START Dataset content

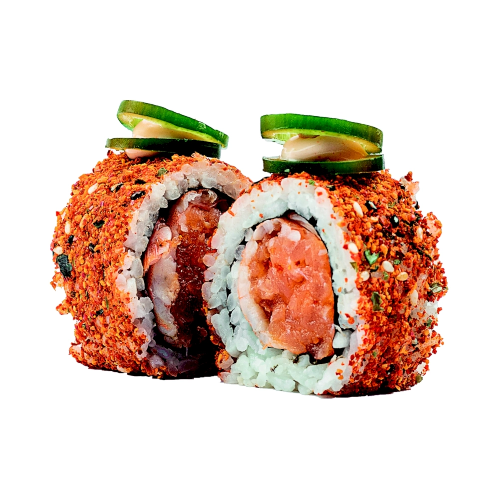 Saumon fumé, saumon, crabe epicé jalapenos, tobiko, sishimi
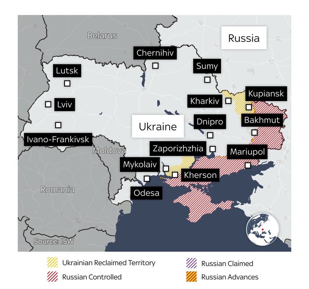 The war in Ukraine is now focused in the country’s eastern Donbas region where Russia wants control over all four of the provinces it illegally annexed in September.
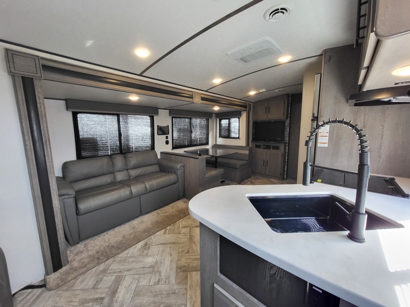 With any Keystone Springdale travel trailer, fifth wheel and destination trailer, you will appreciate the 12V color-coded wiring with easy-to-trace circuits which is better than conventional RV wiring allowing a faster diagnosis for quicker repairs. Also included, the Blade high performance air flow system that delivers 30% more air flow and the streamlined heat distribution that uses in-floor heat vents for more efficiency for uninterrupted air flow. Some exterior features include the LCl SolidStep for a sturdy entrance, the pass-through storage compartment for larger outdoor gear, and Dexter E-Z Lube axles. The interior offers designer upholstered window valances, pressed kitchen countertops, and much more depending on the Springdale you choose.
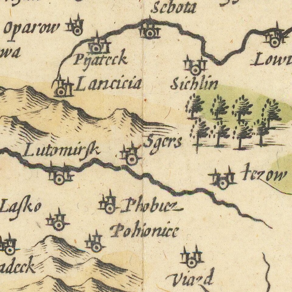 A scarce map of Poland extending from Stettin and Crossen to Cracow, to Lublin and Warsaw and north to the Baltic. Several imposing figures support the titlepiece topped by the crowned Imperial eagle of the Hapsburg dynasty.
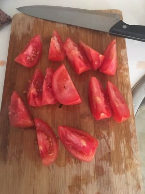 加适量油放入大料花椒番茄翻炒成番茄酱
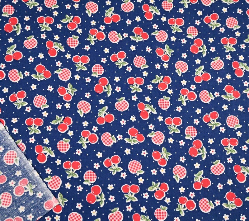 Handworks - Happy message 30's - Rose Cherries with Gingham Accent - Navy
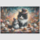 Papel De Seda Cute Tuxedo Cat and Mouse Fantasy Decoupage.
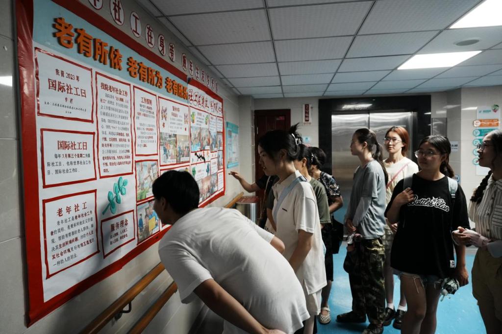 图为2138CC太阳集团师生仔细观赏福利院板报专栏
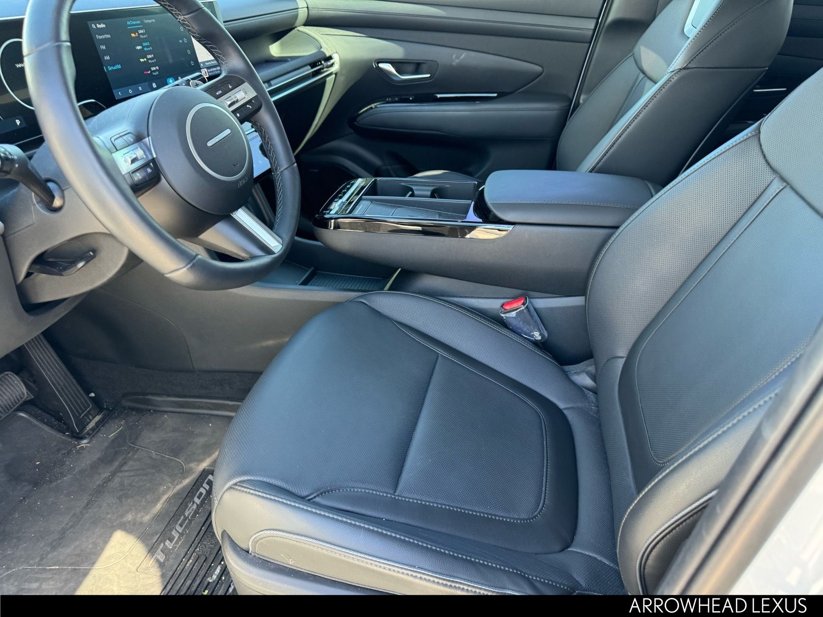 This Hyundai Tucson is equipped with the following features: Option Group 01, AWD, 19" Alloy Wheels, 4-Wheel Disc Brakes, 8 Speakers, ABS brakes, Air Conditioning, Alloy wheels, AM/FM radio: SiriusXM, Apple CarPlay & Android Auto, Auto High-beam Headlights, Auto-dimming Rear-View mirror, Automatic temperature control, Brake assist, Bumpers: body-color, Cargo Net, Cargo Organizer, Cargo Tray, Carpeted Floor Mats, Delay-off headlights, Driver door bin, Driver vanity mirror, Dual front impact airbags, Dual front side impact airbags, Electronic Stability Control, Emergency communication system: Bluelink+, First Aid Kit, Four wheel independent suspension, Front anti-roll bar, Front Bucket Seats, Front Center Armrest, Front dual zone A/C, Front reading lights, Fully automatic headlights, Garage door transmitter: HomeLink, Heads-Up Display, Heated & Ventilated Front Bucket Seats, Heated door mirrors, Heated front seats, Heated rear seats, Heated steering wheel, Illuminated entry, Leather steering wheel, Leather-Trimmed Seat Trim, Low tire pressure warning, Memory seat, Navigation System, Occupant sensing airbag, Outside temperature display, Overhead airbag, Overhead console, Panic alarm, Passenger door bin, Passenger vanity mirror, Power door mirrors, Power driver seat, Power Liftgate, Power moonroof, Power passenger seat, Power steering, Power windows, Radio data system, Radio: Bose Premium w/AM/FM/HD Audio System, Rain sensing wipers, Rear anti-roll bar, Rear reading lights, Rear seat center armrest, Rear side impact airbag, Rear window defroster, Rear window wiper, Remote keyless entry, Security system, Speed control, Split folding rear seat, Spoiler, Steering wheel mounted audio controls, Tachometer, Telescoping steering wheel, Tilt steering wheel, Traction control, Trip computer, Turn signal indicator mirrors, Variably intermittent wipers, Ventilated front seats, and Wheel Locks.
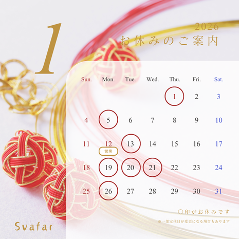 2026/01/01 1月のお休み あけましておめでとうございます 2026年も引き続きご愛顧の程宜しくお願いいたします 1月のお休みをお知らせします ■1月のお休み 5日・13日・19日・20日・21日・26日 ※12日の月曜日は営業を行います 宜しくお願いします。 tagPlaceholderカテゴリ:
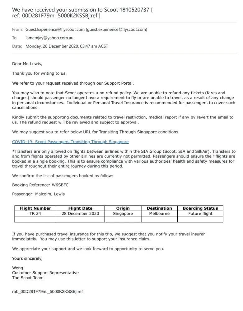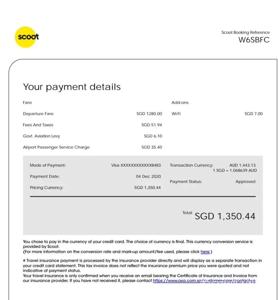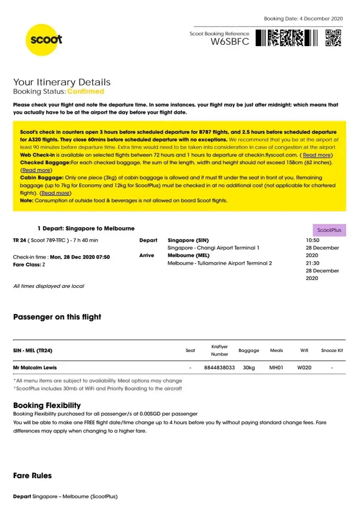 I booked a flight from Singapore to Melbourne on December 29, 2000 (Booking W6SBFC). For this I was charged $AU1350 (In "normal" times Scoot's charge for this route is AU$199). Despite the fact that, taking advantage of the lack of competition through border closures, the fare was exorbitant and they still maintained their budget airline, no fare refund policy. (By contrast, their parent company Singapore Airlines charged only AU$895 for the London to Singapore leg, with full cabin service and guaranteed refundability or changeability of dates.)
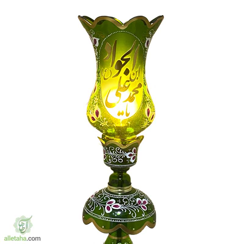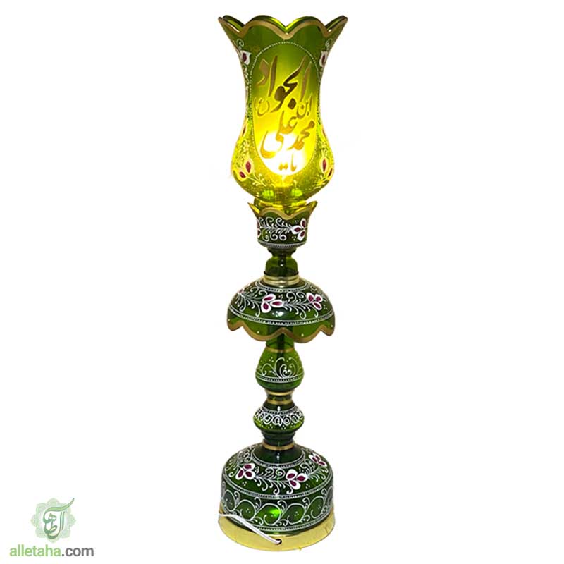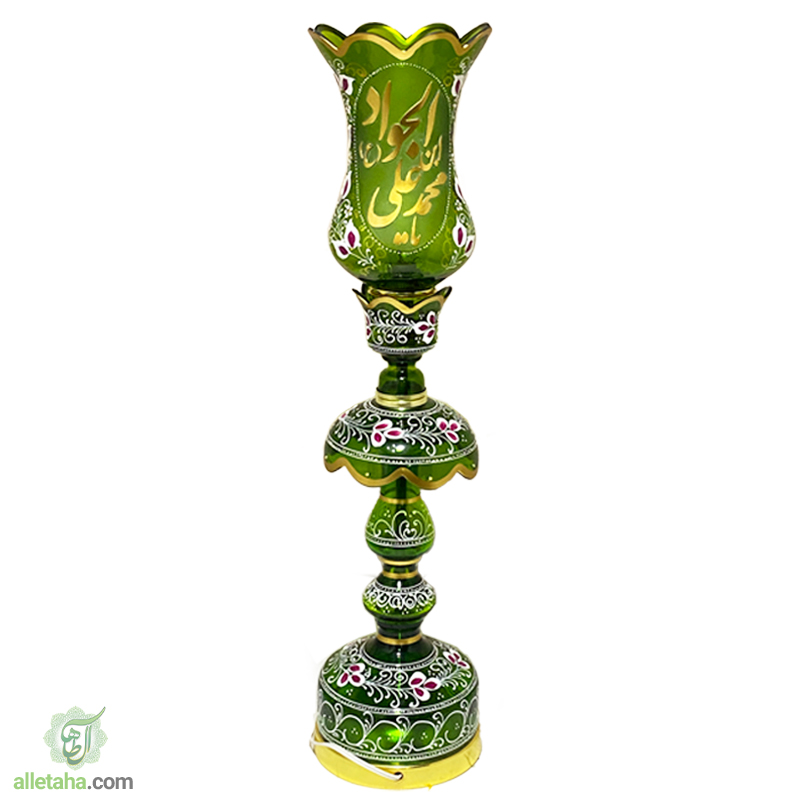 شمعدان لاله امام جواد سایز63 سانتی متر سبز رنگ قابلیت استفاده هم به صورت دکوری و هم به صورت کاربردی در مراسمات عزاداری, مجالس روضه, مساجد, منازل, هیئات, ادارات و … می باشد.
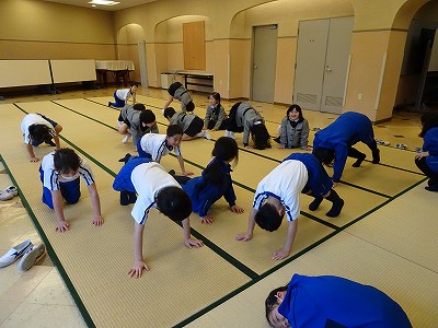 実演をしながら、つま先で押したり、手を伸ばして肩を後ろに引くといった具体的な動きを伝授頂きました。
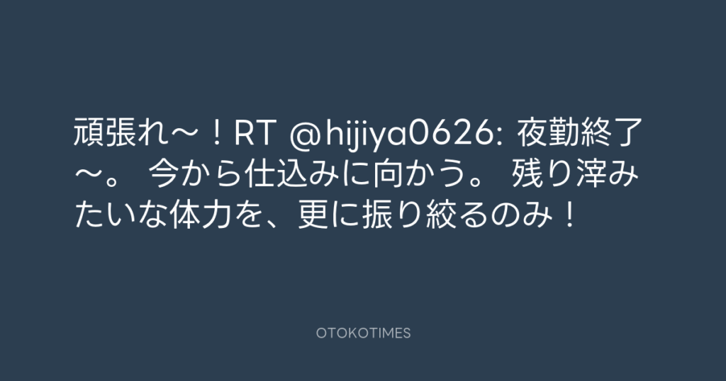 頑張れ~!RT @hijiya0626: 夜勤終了〜。 今から仕込みに向かう。 残り滓みたいな... -

END Dataset content

### Your task
Copy the lines above exactly, starting at the one with "A scarce map" and ending at the one with "加适量油放入大料花椒番茄翻炒成番茄酱", both included. Leave out any pictures and add nothing else.

### Expected answer
 A scarce map of Poland extending from Stettin and Crossen to Cracow, to Lublin and Warsaw and north to the Baltic. Several imposing figures support the titlepiece topped by the crowned Imperial eagle of the Hapsburg dynasty.
 加适量油放入大料花椒番茄翻炒成番茄酱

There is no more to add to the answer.